- RAW DATA
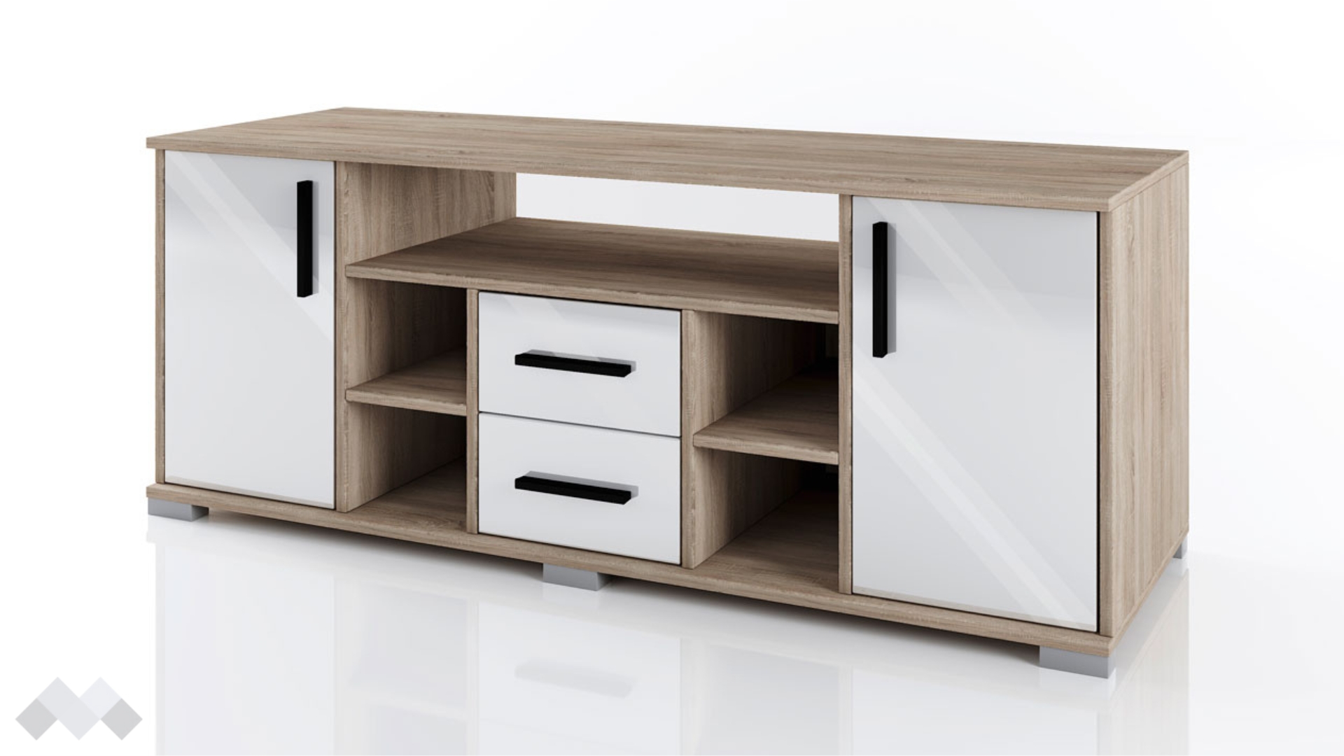 ⭐Предимства: ✓ 2 чекмеджета ✓ 5 отворени рафта ✓ 2 затворени шкафа ✓ модерен дизайн ✓ компактен и практичен ✓ качествена изработка ✓ 16 мм ПДЧ
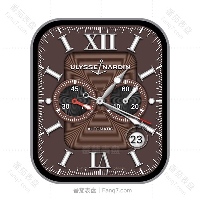 ULYSSE NARDIN雅典棕色复古波纹仪表动态日志刻度罗马数字指针双盘表盘.clock&clcok2
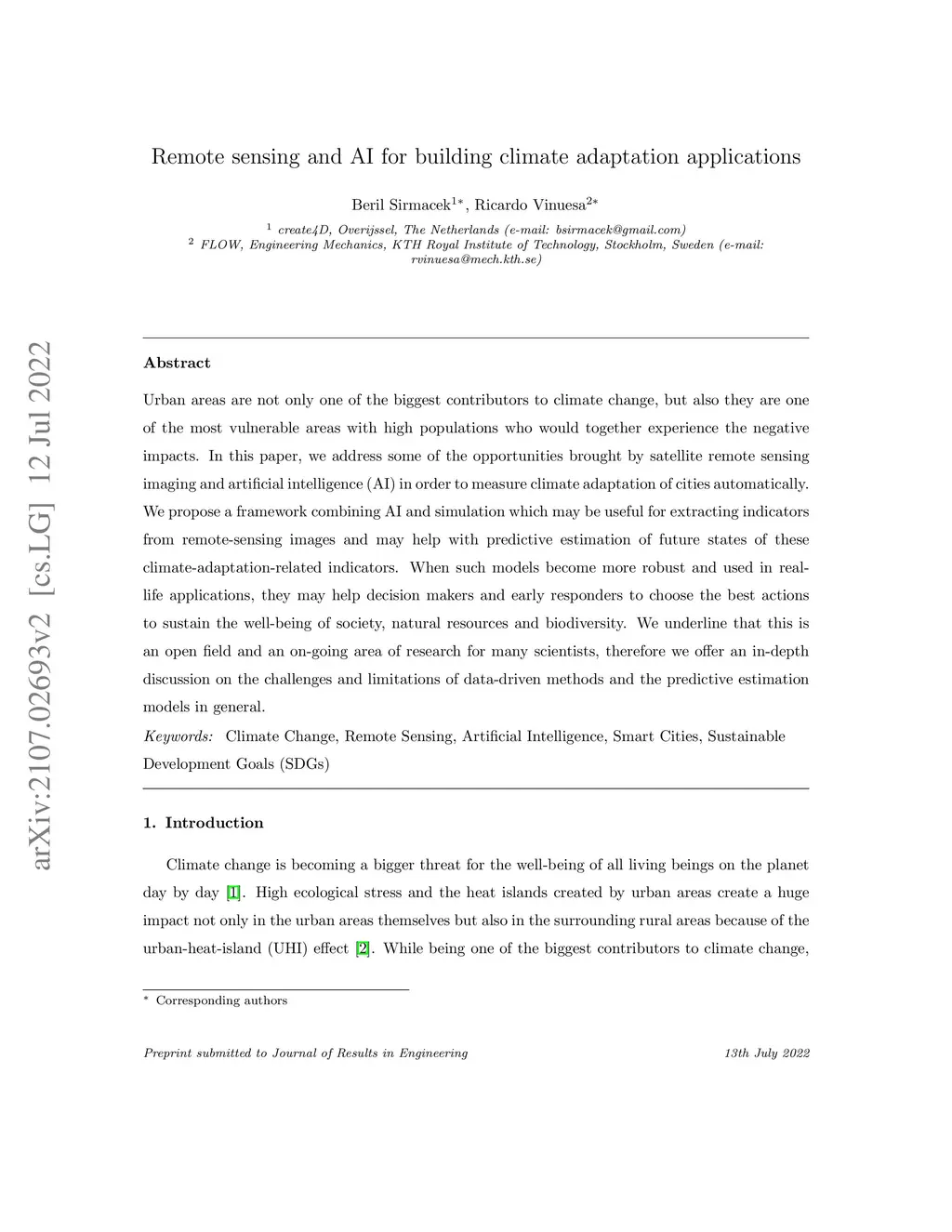 Urban areas are not only one of the biggest contributors to climate change, but also they are one of the most vulnerable areas with high populations who would together experience the negative impacts. In this paper, we address some of the opportunities brought by satellite remote sensing imaging and artificial intelligence (AI) in order to measure climate adaptation of cities automatically. We propose a framework combining AI and simulation which may be useful for extracting indicators from remote-sensing images and may help with predictive estimation of future states of these climate-adaptation-related indicators. When such models become more robust and used in real life applications, they may help decision makers and early responders to choose the best actions to sustain the well-being of society, natural resources and biodiversity. We underline that this is an open field and an on-going area of research for many scientists, therefore we offer an in-depth discussion on the challenges and limitations of data-driven methods and the predictive estimation models in general.
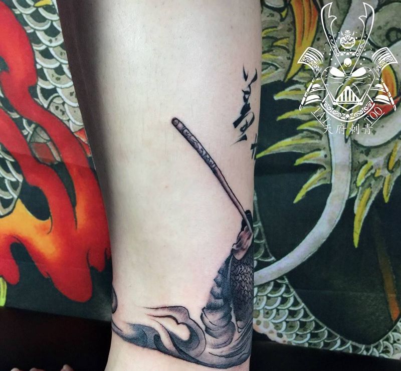 当前位置: 首页 >四川省成都市纹身店-天府刺青工作室纹身图案>至尊宝纹身图片_成品脚部传统人物纹身图案

- ACTIVITY
Print the data exactly, from its first line to the line containing "ULYSSE NARDIN雅", both included. Omit the pictures.

- TASK ANSWER
 ⭐Предимства: ✓ 2 чекмеджета ✓ 5 отворени рафта ✓ 2 затворени шкафа ✓ модерен дизайн ✓ компактен и практичен ✓ качествена изработка ✓ 16 мм ПДЧ
 ULYSSE NARDIN雅典棕色复古波纹仪表动态日志刻度罗马数字指针双盘表盘.clock&clcok2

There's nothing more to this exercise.